**Description of the task**: Each line from the one containing "いえのキホン 🏠📐✨ 実施設計の教科書#20🛁✨" to the last line of the listing below is to be duplicated exactly, and no picture is to be carried over.

**Data extract**:

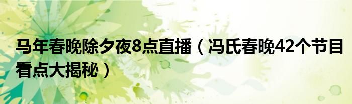大家好,小安來為大家解答以上的問題馬年春晚除夕夜8點(diǎn)直播,馮氏春晚42個(gè)節(jié)目看點(diǎn)大揭秘這個(gè)很多人還不知道,現(xiàn)在讓我們一起來看看吧!
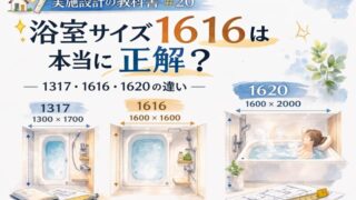 いえのキホン 🏠📐✨ 実施設計の教科書#20🛁✨ 浴室サイズ1616は本当に正解?― 1317・1616・1620の違い ― 👓📏 シリーズ統一テンプレで作りました。 --- **スラッグ:** `jisshitsu-bathroom-size-1616` **メタディスクリプション:** 🏠✨ 浴室サイズ1616は本当に正解?🛁 1317・1616・1620の違いを一級建築士👓が解説📏 家族構成や使い方で変わる浴室サイズの選び方を紹介します✨ 2026.03.14 いえのキホン
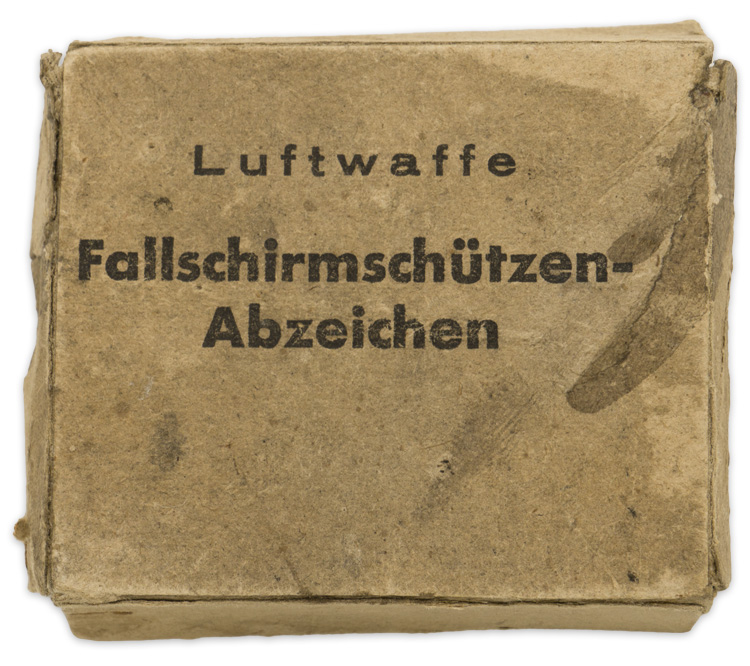 PHYSICAL DESCRIPTION: Cardstock construction 7cm x 5.5xm x 2cm. Well marked "Luftwaffe Fallschirmschützen-abzeichen". Corner staples are missing. Shows its age. Missing from most Para badge collections. Scarce!

**Solution for this problem**:
 いえのキホン 🏠📐✨ 実施設計の教科書#20🛁✨ 浴室サイズ1616は本当に正解?― 1317・1616・1620の違い ― 👓📏 シリーズ統一テンプレで作りました。 --- **スラッグ:** `jisshitsu-bathroom-size-1616` **メタディスクリプション:** 🏠✨ 浴室サイズ1616は本当に正解?🛁 1317・1616・1620の違いを一級建築士👓が解説📏 家族構成や使い方で変わる浴室サイズの選び方を紹介します✨ 2026.03.14 いえのキホン
 PHYSICAL DESCRIPTION: Cardstock construction 7cm x 5.5xm x 2cm. Well marked "Luftwaffe Fallschirmschützen-abzeichen". Corner staples are missing. Shows its age. Missing from most Para badge collections. Scarce!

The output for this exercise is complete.